“Benefit Plan” means, with respect to an entity, each plan, program, arrangement, agreement or commitment (whether written or unwritten, formal or informal) that is an employment, consulting, deferred compensation agreement, or an executive compensation, incentive bonus or other bonus, employee pension, profit-sharing, savings, retirement, supplemental retirement, stock option, stock purchase, stock appreciation rights, restricted stock, other equity-based compensation, severance pay, salary continuation, life, health, hospitalization, wellness, sick leave, vacation pay, disability or accident insurance plan, or other employee benefit plan, program, arrangement, agreement or commitment, (a) including any “employee benefit plan” (as defined in Section 3(3) of ERISA), sponsored or maintained by such entity (or to which such entity contributes or is required to contribute or has any Liabilities, directly or indirectly, contingent or fixed) and (b) excluding any indemnification obligations, other than any obligations contained in any of the foregoing.
“COBRA” means the Consolidated Omnibus Budget and Reconciliation Act of 1985, as amended.
“ERISA” means the Employee Retirement Income Security Act of 1974, as amended.
“Former BellRing Employees” means former employees of and former individual service providers to any member of the BellRing Group, or any predecessor company thereto.
“HIPAA” means the Health Insurance Portability and Accountability Act of 1996, as amended.
“Post Benefit Plans” means any Benefit Plan sponsored or maintained by any member of the Post Group, specifically excluding any BellRing Benefit Plan.
“Post Group” means Post and each Person that is a Subsidiary of Post; provided that no member of the BellRing Group shall be deemed to be a member of the Post Group.
“Post H&W Plan” means the Post Holdings, Inc.
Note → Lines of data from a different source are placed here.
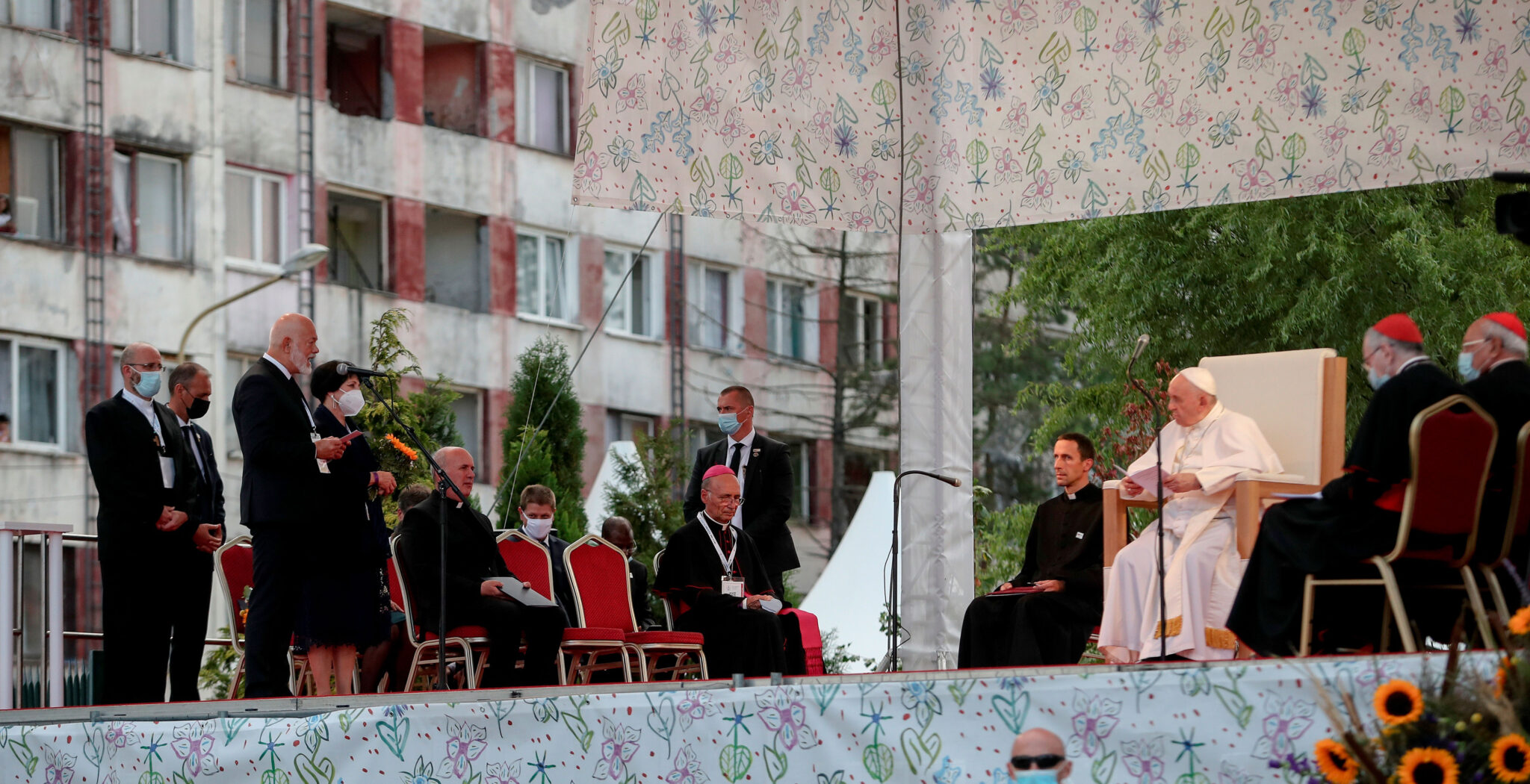 Francisco llega feliz. Y no es para menos. Una legión de fieles aguardan en la plaza de Luník IX, uno de los 22 distritos de la ciudad de Košice, donde vive la comunidad gitana más grande de Eslovaquia. Un espacio olvidado por todos… menos por los salesianos, a los que el Papa les ha agradecido enérgicamente su apuesta por la integración.
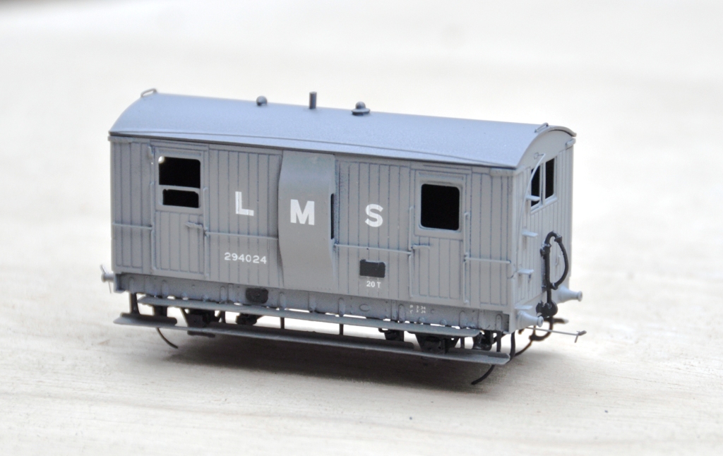Back in March 2013, I completed a dia 39 goods break. These were the final Highland Railway break vans and it is not clear that they were actually finished prior to the end of the HR era. Given that I model in the mid 1920’s, I am quite content to do this in LMS grey which to date I have not seen the model depicted in! The main body painting has been completed and the van has been lettered but weathering, the interior and final detailing/glazing is still to be completed. Based on the Lochgorm Models kit with minimal adjustments (a few pipes below the chassis and sprung W irons in lieu of the compensation provided in the kit) this is what it presently looks like:
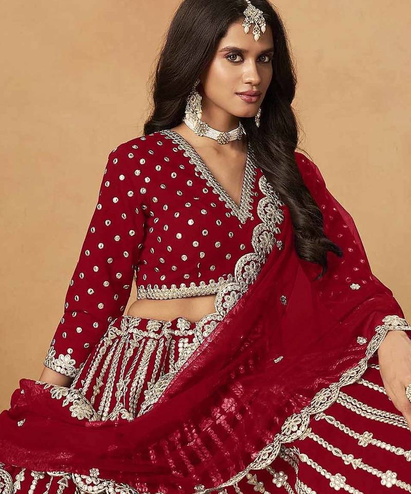 | Product Description | Lehenga Fabric: Art Silk, Lehenga Color Red, Choli Fabric: Art Silk, Choli Color: Red, Dupatta Fabric: Net, Dupatta Color: Red, Inner Fabric: Crepe, Work: Heavy Thread Embroidery Gota Work, Remark: Lehenga Choli |
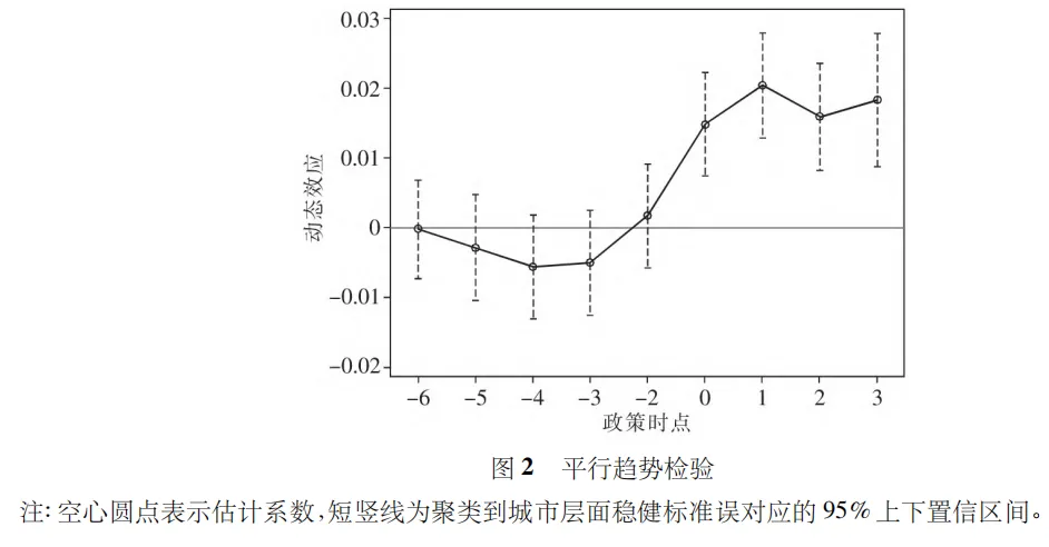 本文将国家文化消费试点城市政策作为一项准自然实验,以城市虚拟变量与政策实施时间虚拟变量的交互项表征文化消费试点政策的政策处理效应。具体地,本文将国家文化消费试点城市作为处理组设置为1,将非试点城市作为对照组设置为0;将试点政策实施前后的时间虚拟变量分别设置为0(政策前)和1(政策后)。
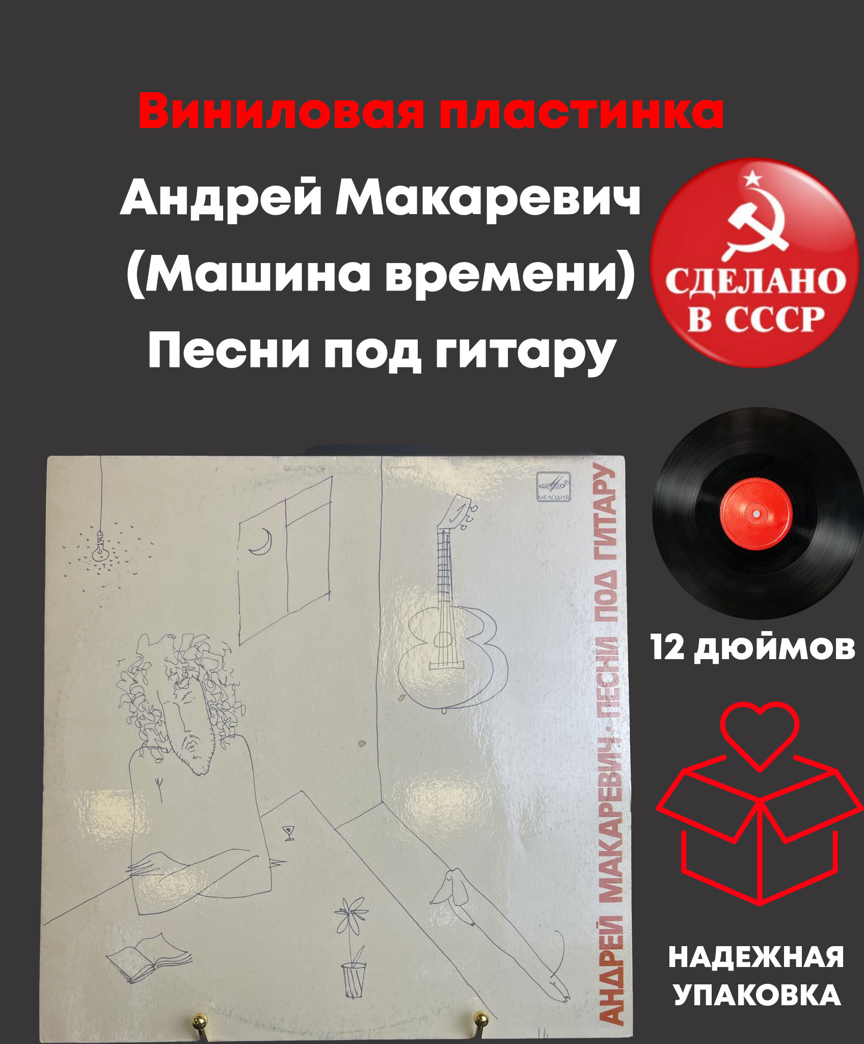 Андрей Макаревич (Машина времени) - Песни под гитару. Виниловая пластинка 12 дюймов. Мелодия СССР 1989 год. Конверт EX- / Диск EX

Health and Welfare Benefit Plan.
“Returning Post Employees” means (x) Former BellRing Employees or (y) BellRing Employees who become Former BellRing Employees, in each of (x) and (y), who following the Distribution Effective Time become employees of Post.
ARTICLE II
GENERAL PRINCIPALS; ALLOCATION OF LIABILITY
2.1 Allocation of Liabilities. As of the Distribution Effective Time, except as otherwise expressly provided for in this Agreement, New BellRing shall, or shall cause one or more members of the BellRing Group to, assume or retain, as applicable, and New BellRing shall, or shall cause one or more members of the BellRing Group, to pay, perform, fulfill and discharge, in due course in full (i) all Liabilities, whenever incurred, under all BellRing Benefit Plans and (ii) all Liabilities, whenever incurred, with respect to the employment, service, termination of employment or termination of service of all BellRing Employees and of all Former BellRing Employees, and the respective dependents and beneficiaries of such BellRing Employees and Former BellRing Employees.
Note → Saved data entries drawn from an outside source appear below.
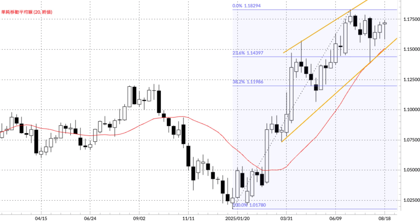先週(8月18日週)のユーロ/米ドルは、基本的に米ドル/円での米ドルの動きと同様で、週初からジャクソンホールのパウエル議長講演までは米ドル高・ユーロ安の流れが続きました。週初には米ウ首脳会談も開かれましたが、現状では停戦合意には程遠いこともあり、特に材料視はされませんでした。
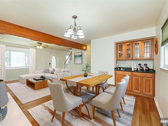 HIGHEST & BEST TUES 11/11 by 6PM. Get ready to FALL IN LOVE with this stunning 3 Bedroom / 2 Full Bath home located in the sought after town of Maywood. Upon entering, you'll be greeted to an open concept floor plan that balances style, flow, & practicality. Bathed in natural light from the bay windows, the Living Room showcases rich hardwood floors that transition seamlessly into the banquet-sized Dining Room, enhanced by a custom built-in Butler's Pantry. Next, imagine preparing your favorite dish in the Modern Eat in Kitchen while your guests enjoy a glass of wine out on the deck. The floor is made complete with a first floor Bedroom, Pantry & updated Full Bath. Upstairs, you'll find 2 generously sized Bedrooms with ample closet space. The Basement provides a Rec Room, Home Office, Full Bath, Laundry Room, & additional storage. The property sits on a tree-lined side street & offers a fully fenced backyard with a built-in sprinkler system & an oversized shed. Appreciate all that living in Maywood affords you: close proximity to top-rated schools, parks, restaurants, shopping, & an EZ commute to NYC.
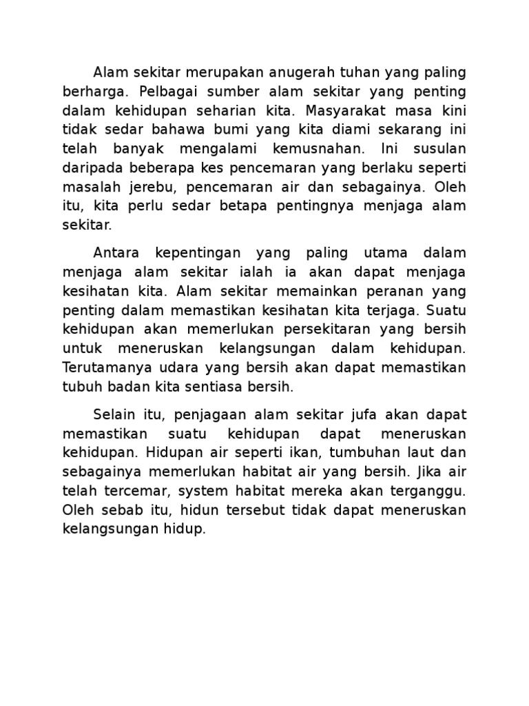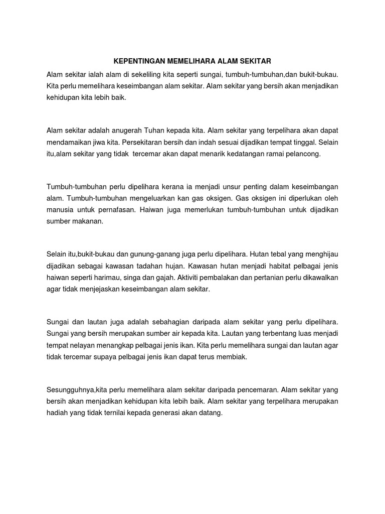 Karangan Kepentingan Menjaga Alam Sekitar Pdf Document
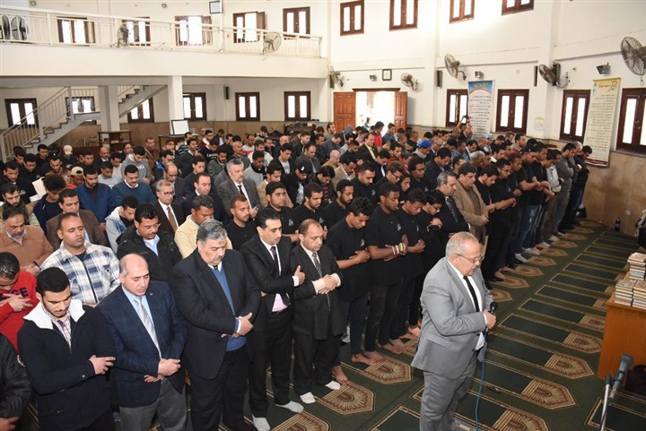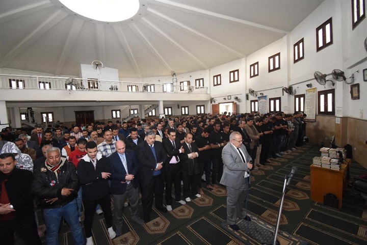 وأدى الصلاة نواب رئيس الجامعة، وعمداء الكليات، والعاملين، والطلاب، وذلك بمسجد كلية التجارة بالحرم الجامعي.
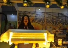 Jia Meng Yun showing one of the products // Jia Meng Yun正在 展示其产品之一
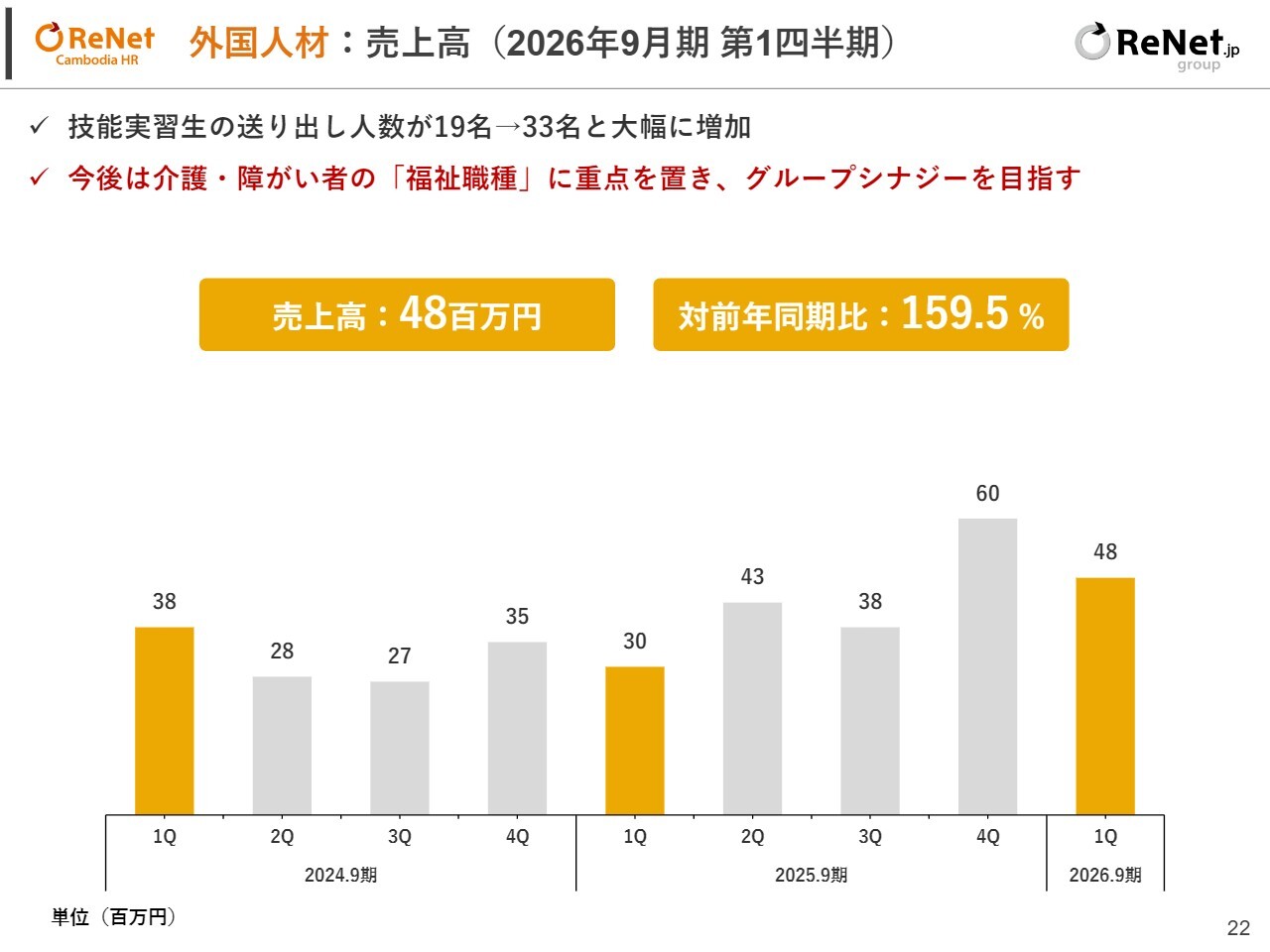 外国人材事業の売上高は4,800万円で、前年同期比159.5パーセントとなりました。売上高自体はまだ小さいものの、159.5パーセントという大きな伸び率を記録しています。今後、グループのシナジーを活かし、介護・障がい者グループホームの福祉職種向けの人材に注力していきたいと考えています。

2.2 Reimbursement for Liabilities. From time to time after the Distribution Effective Time, New BellRing (acting directly or through a member of the BellRing Group) shall promptly reimburse Post, upon Post’s reasonable request and the presentation by Post of such substantiating documentation as the payor may reasonably request, for the cost of any Liabilities satisfied by Post or any member of the Post Group that are, pursuant to this Agreement, the responsibility of any member of the BellRing Group.
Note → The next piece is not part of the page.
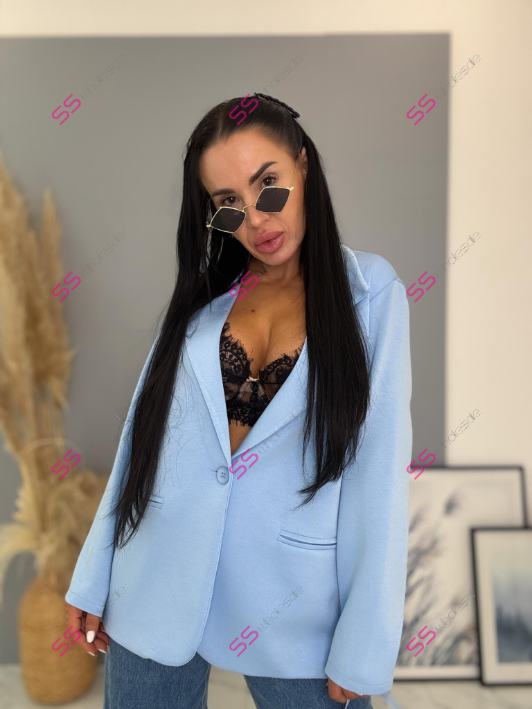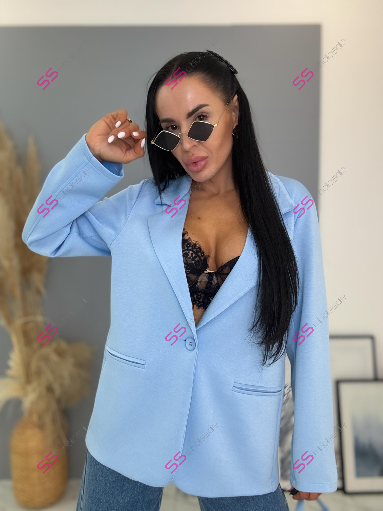 Dámske sako z príjemného materiálu. Materiál je elastický. Sako sa zapína na jeden gombík.
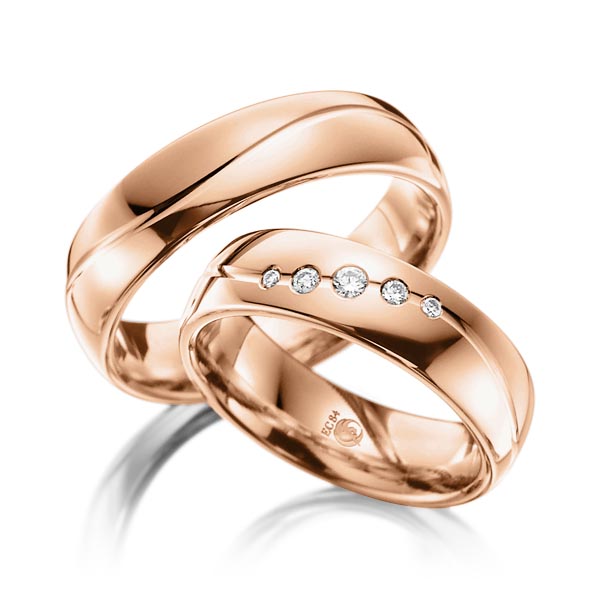 Paar Klassische Trauringe Eheringe In Aussen Rotgold 585 Innen Rotgold 585 Mit Zus 0 1 Ct Herz Diamant Tw Vs Von Acredo A 1805 5

2.3 Unaddressed Liabilities. To the extent that this Agreement, or the Master Service Agreement, does not address particular Liabilities under any Benefit Plan and the Parties later determine that they should be allocated in connection with the Distribution, the Parties shall agree in good faith on the allocation, taking into account the handling of comparable Liabilities under this Agreement.